### Exercise details
Ignore the pictures in the data below and set down exactly the lines from its first line through the line containing "This Caterpillar covers".

### Supplied material

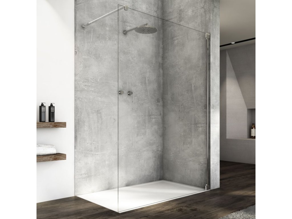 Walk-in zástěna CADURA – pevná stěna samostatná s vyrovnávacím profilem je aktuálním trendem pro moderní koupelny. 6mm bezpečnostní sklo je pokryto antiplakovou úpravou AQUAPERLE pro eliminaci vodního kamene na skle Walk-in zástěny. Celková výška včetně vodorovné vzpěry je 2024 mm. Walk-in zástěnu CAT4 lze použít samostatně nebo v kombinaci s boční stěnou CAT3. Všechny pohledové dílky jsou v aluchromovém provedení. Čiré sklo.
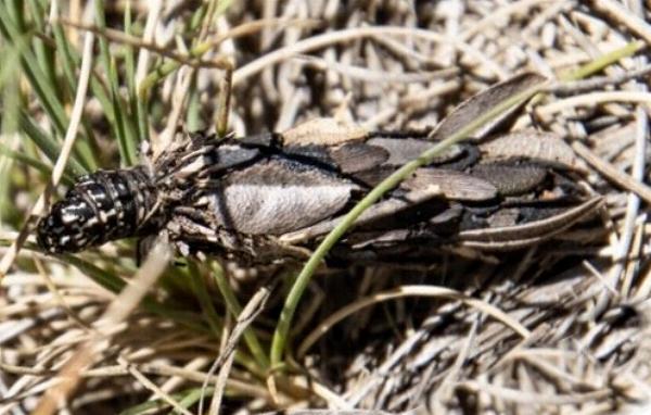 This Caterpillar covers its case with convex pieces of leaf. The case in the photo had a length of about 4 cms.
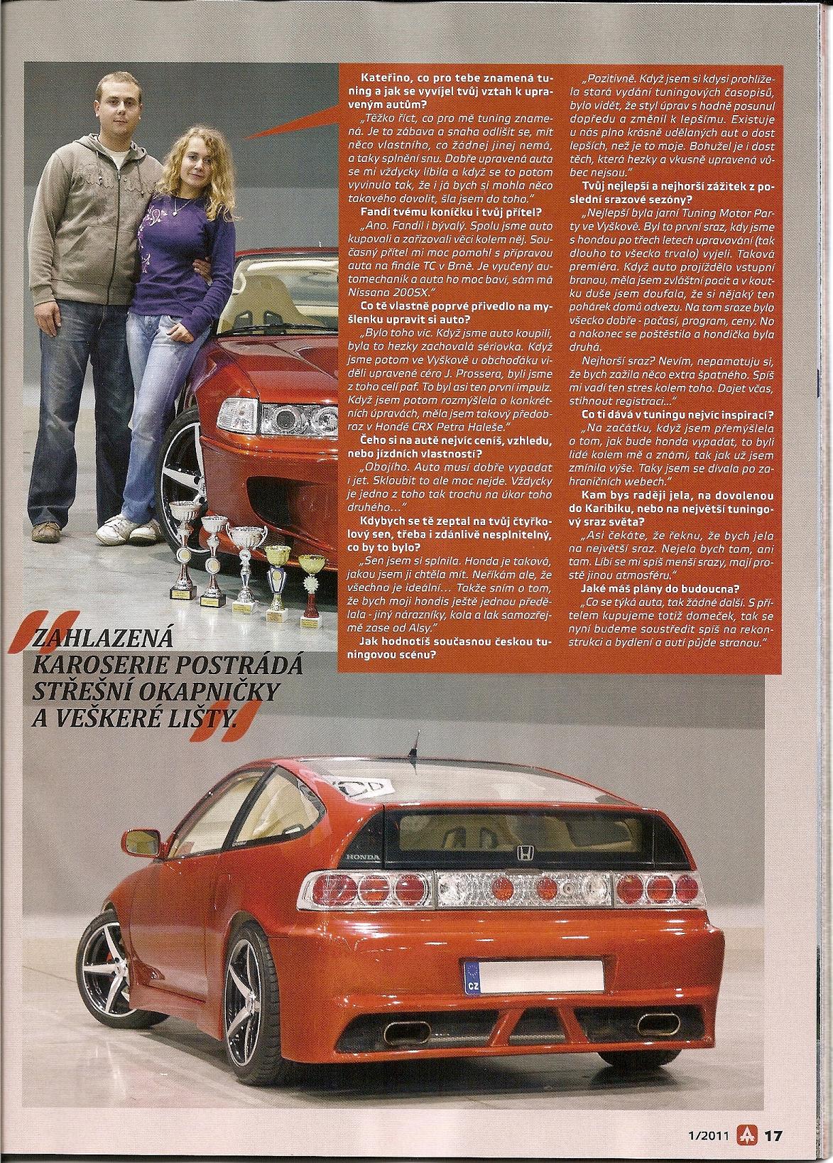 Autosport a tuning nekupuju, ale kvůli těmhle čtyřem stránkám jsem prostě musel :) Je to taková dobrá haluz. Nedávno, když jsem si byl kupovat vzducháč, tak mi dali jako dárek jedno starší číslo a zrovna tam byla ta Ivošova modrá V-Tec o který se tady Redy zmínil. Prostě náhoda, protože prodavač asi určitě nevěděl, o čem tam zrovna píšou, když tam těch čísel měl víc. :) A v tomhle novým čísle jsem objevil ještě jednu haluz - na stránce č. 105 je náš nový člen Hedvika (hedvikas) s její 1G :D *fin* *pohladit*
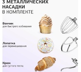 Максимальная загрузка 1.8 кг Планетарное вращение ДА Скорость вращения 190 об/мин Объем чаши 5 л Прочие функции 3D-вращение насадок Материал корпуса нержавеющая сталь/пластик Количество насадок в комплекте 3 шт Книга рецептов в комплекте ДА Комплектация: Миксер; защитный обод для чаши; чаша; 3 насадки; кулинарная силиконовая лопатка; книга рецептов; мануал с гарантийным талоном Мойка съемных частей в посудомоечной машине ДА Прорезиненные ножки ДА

### Output of the exercise
 Walk-in zástěna CADURA – pevná stěna samostatná s vyrovnávacím profilem je aktuálním trendem pro moderní koupelny. 6mm bezpečnostní sklo je pokryto antiplakovou úpravou AQUAPERLE pro eliminaci vodního kamene na skle Walk-in zástěny. Celková výška včetně vodorovné vzpěry je 2024 mm. Walk-in zástěnu CAT4 lze použít samostatně nebo v kombinaci s boční stěnou CAT3. Všechny pohledové dílky jsou v aluchromovém provedení. Čiré sklo.
 This Caterpillar covers its case with convex pieces of leaf. The case in the photo had a length of about 4 cms.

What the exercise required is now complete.